Fra dieci anni chi vorrà credere questi fatti che paiono romanzo,e sono storia pur troppo; e quel ch’è peggio storia italiana?
Crispi non è così arguto e sottile; ma vince Bertani d’energia. – Eccone un saggio. – In consiglio il barone Cordova, fra i più stimati uomini di Sicilia, ministro delle finanze, non piega, come Crispi vorrebbe, a’ costui desideri: gli argomenti non sovvengono a costui spontanei e pronti come il bisogno sarebbe: ed egli, a mo’ di conclusione, trae di tasca un revolver e l’appunta al petto dell’indocile collega!…
Del resto gareggiano Crispi e Bertani d’inettitudine e di disordine: lo stesso impiego è dato a due, a tre; un ministro nomina a un posto, e lo eletto quando crede prenderne possesso lo trova già occupato. Nella spedizione degli affari vige in tutta la sua efficacia la regola canonica della prevenzione: s’applica anche ad essi la teoria del primo occupante. Guai se la corrispondenza in un dicastero giunge nel momento in cui uno di questi mestatori sia presente! Intasca lettere e dispacci, risponde se vuole, e quando se ne sovvenga – ed alla spedizione degli affari pensi la provvidenza, o meglio il caso, unica divinità di cotesta genia.

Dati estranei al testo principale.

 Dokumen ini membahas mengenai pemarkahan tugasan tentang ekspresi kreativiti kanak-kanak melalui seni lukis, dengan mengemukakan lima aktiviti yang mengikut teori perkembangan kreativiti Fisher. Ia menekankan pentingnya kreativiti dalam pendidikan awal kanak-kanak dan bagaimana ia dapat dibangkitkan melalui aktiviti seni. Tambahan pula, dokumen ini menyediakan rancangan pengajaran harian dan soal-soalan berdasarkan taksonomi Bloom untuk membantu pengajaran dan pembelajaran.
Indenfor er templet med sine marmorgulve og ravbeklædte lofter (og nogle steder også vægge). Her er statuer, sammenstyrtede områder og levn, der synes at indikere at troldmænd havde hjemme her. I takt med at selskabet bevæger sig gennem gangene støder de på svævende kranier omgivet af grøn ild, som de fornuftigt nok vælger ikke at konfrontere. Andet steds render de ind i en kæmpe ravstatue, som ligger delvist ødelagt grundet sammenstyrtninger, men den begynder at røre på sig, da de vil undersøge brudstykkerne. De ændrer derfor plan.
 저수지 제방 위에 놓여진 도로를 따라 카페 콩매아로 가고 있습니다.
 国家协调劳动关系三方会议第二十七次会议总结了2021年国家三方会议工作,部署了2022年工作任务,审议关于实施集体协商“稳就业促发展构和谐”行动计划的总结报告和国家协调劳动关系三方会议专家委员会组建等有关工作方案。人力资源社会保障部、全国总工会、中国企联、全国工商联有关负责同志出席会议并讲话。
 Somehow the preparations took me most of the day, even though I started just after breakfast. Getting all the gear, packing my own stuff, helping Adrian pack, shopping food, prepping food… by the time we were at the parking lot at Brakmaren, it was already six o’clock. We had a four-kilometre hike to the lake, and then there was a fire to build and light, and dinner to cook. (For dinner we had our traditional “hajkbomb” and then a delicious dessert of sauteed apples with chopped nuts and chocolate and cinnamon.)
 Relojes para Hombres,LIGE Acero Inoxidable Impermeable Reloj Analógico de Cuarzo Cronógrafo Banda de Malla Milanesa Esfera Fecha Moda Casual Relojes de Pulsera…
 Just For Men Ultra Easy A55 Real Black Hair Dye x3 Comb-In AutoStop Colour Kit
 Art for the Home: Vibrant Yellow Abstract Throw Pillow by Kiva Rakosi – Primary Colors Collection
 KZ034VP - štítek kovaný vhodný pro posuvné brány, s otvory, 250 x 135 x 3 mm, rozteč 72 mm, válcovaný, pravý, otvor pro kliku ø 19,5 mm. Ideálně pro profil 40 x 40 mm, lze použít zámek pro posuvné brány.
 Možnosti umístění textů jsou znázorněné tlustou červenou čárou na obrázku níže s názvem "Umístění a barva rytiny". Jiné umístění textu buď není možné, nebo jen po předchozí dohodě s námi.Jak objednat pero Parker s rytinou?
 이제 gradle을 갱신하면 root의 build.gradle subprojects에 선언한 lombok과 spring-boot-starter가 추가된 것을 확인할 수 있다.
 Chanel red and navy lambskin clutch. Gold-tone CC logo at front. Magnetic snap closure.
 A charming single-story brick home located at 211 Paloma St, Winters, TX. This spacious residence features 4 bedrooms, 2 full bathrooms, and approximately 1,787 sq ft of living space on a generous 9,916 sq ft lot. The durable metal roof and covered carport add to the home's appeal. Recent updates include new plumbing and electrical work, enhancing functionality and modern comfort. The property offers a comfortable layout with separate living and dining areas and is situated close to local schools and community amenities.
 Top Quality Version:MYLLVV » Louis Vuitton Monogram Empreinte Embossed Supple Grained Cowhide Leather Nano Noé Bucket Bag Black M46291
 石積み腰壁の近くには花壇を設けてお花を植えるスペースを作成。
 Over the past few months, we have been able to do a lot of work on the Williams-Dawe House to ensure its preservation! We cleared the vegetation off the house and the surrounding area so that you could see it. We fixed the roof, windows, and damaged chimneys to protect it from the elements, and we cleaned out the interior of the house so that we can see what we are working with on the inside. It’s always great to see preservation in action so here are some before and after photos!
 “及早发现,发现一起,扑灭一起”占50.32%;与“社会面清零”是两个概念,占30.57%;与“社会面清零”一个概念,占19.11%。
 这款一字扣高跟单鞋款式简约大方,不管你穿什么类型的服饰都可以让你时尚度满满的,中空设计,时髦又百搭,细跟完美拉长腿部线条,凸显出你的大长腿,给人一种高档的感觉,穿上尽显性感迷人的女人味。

Le nomine agli impieghi in quale modo si facciano, l’arguisca ormai il lettore: titoli di promozione il capriccio della consorteria, o i fini interessati di chi tiene le file.
La importantissima amministrazione corrispondente alle nostre gabelle l’avrà un vecchio capitano del 1821, che si spera possa fare buona propaganda repubblicana fra i suoi quattordici o quindicimila dipendenti. Una principalissima provincia di Terraferma avrà a Governatore un mediconzolo di villaggio, processato per truffa e falso due volte… Ma egli ha promesso in tre mesi fare de’ suoi amministrati altrettanti repubblicani sodi, e incorruttibili!
Che più? Nell’ultima crisi ministeriale sicula non furono elevati agli onori del portafoglio di due importanti dicasteri uno scritturale o copista di cancelleria, ed un altro che i fuorusciti italiani a Malta ebbero pronto questi anni addietro, sempre quando il vollero, ai servigi più umili del commissioniere? – E fra gli altri che la spacciano in Napoli non è un fotografo di Londra, a cui parve più lucrosa speculazione spillar i Napoletani, anziché far loro il ritratto?
Lo sperpero del denaro pubblico è incredibile.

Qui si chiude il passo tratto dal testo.